There were some plans in the works for specialized "rammjaeger" aircraft - small jet or ramjet planes with hardened noses and wings, designed specifically to ram a bomber in the tail section and cut the vertical fin off. They were designed with bailing out in mind after the impact.
http://www.luft46.com/misc/zrammer.html

There were also definitely "self-sacrifice" kamikaze designs. Piloted bombs meant to be dropped from parent aircraft.

These were "Luft '46" concepts that happily never got built.


----------



## agentsmith (Mar 27, 2005)

Schwinnster,

I have seen that episode of ''Dog Fights'' a couple years ago. Somewhere in my book collection I have a book that covers that ramming mission in great detail, there is a great deal more to that mission then what little the History Channel had the resources to cover but still think they did a great job. 
Many times the History Channel does not really stick to the facts and will tailor the narration in their coverage of the Luftwaffe to match whatever film stock they have.

Agentsmith


----------



## Schwinnster (Sep 5, 2011)

Thanks Agentsmith, and John P,

When I first started amassing my very own styrene Luftwaffe almost 20 years ago-- even had the He 111 Zwilling in 1/72 scale-- _HAD_, I say, -- I remember doing a lot of research thru library books, and buying some reference books thru mail order-- remember that? Then we got cable, and I watched every episode of WINGS on The Discovery Channel that I could. I still remember getting a bit of a sense, seeing some of Hitler's 'super' type weapons found in developmental stages-- that somebody must be making this up! That couldn't be true! I don't know if the Luft 46 concept existed back when I was watching WINGS-- I've only become aware of it recently.
Perhaps 'it' is a part of our having to be 'politically correct'? Really irritated me to see, in the October issue of FLIGHT JOURNAL (yeah, I know, it's August 27...) the speculated airwar, between the Allies and the Axis powers, had WWII continued into 1947. Apparently, according to whoever involved in the creation of the story, and accompanying artwork, a futuristic Luftwaffe inteceptor with balkenkreuz, but --*without swastikas*-- attacking a flying wing bomber-- Hitler must have gotten urgent input from some influential advisors, to stop using the swastika-- gotta be *'politically correct' *ya know, Adolph......

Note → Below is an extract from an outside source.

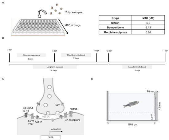 The MTC of each drug (Figure 1A; Table A1) was identified in order to optimize the short-term (3 day) and long-term (10 day) treatment protocols (Figure 1B). Dizocilpine, also known as MK801 (Sigma Aldrich, St. Louis, MO, USA), an NMDA receptor antagonist that can mimic some aspects of schizophrenia, such as hyperlocomotor behaviour, depressive symptoms and cognitive deficits [117,118], served as a positive control. MK801 was dissolved in distilled water to achieve the final concentration of 5.0 µM. According to previous studies, this dosage was able to induce social interaction deficit, a behavioural feature observed in schizophrenia, in zebrafish [91,92]. Meanwhile, embryo medium served as vehicle control. Zebrafish embryos were randomly divided into control and three treatment groups. Three groups (n = 50/group) of embryos starting at 2 dpf were examined for the effect of short-term and long-term treatments. The withdrawal syndrome of the morphine-treated larvae was assessed 5 days after the termination of treatment.
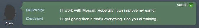 また選手との個人会話でも、口調が選べますし、選手の口調も表示されるようになりました。

I still enjoy the researching, and buy as many DVD's I can about WWII, specifically anything to do with the air war in the European theater, and sadly, like you say Agentsmith, I _have_ noticed discrepancies in the different "documentary" footage narrations. In these days of PhotoShop type capabilities, one can really start to wonder just what is/was true 'history' anymore. If someone doesn't like some particular bit of 'history'-- well, they'll just 'change' it-- or so they think. The really bad part of that is that it is then taught to others who have no idea that it is not true, nor any reason to believe it isn't.....


----------



## agentsmith (Mar 27, 2005)

Schwinnster,
Any History Channel or Military Channel shows that have Luftwaffe content are best viewed with the volume turned down because they just repeat the same old myths about the Luftwaffe that have been repeated the past ten years. I still watch any newer programs that they broadcast because sometimes they show some footage that is new to me.
Nat Geo had a program about the Horten Ho 229 that was interesting but also bogus, they called the Ho 229 Hitler's stealth fighter and how it was supposed to sneak past the British radar chain and attack England...oh my, thats a very tall tale compared to the reality of the situation for Germany in 1945.
What is really sad that most people will regard some of these programs as fact...if its on the History Channel or Nat Geo it must be true, right?


Agentsmith


----------



## Jafo (Apr 22, 2005)

looks awesome


----------



## agentsmith (Mar 27, 2005)

Thank you Jafo!


Agentsmith


----------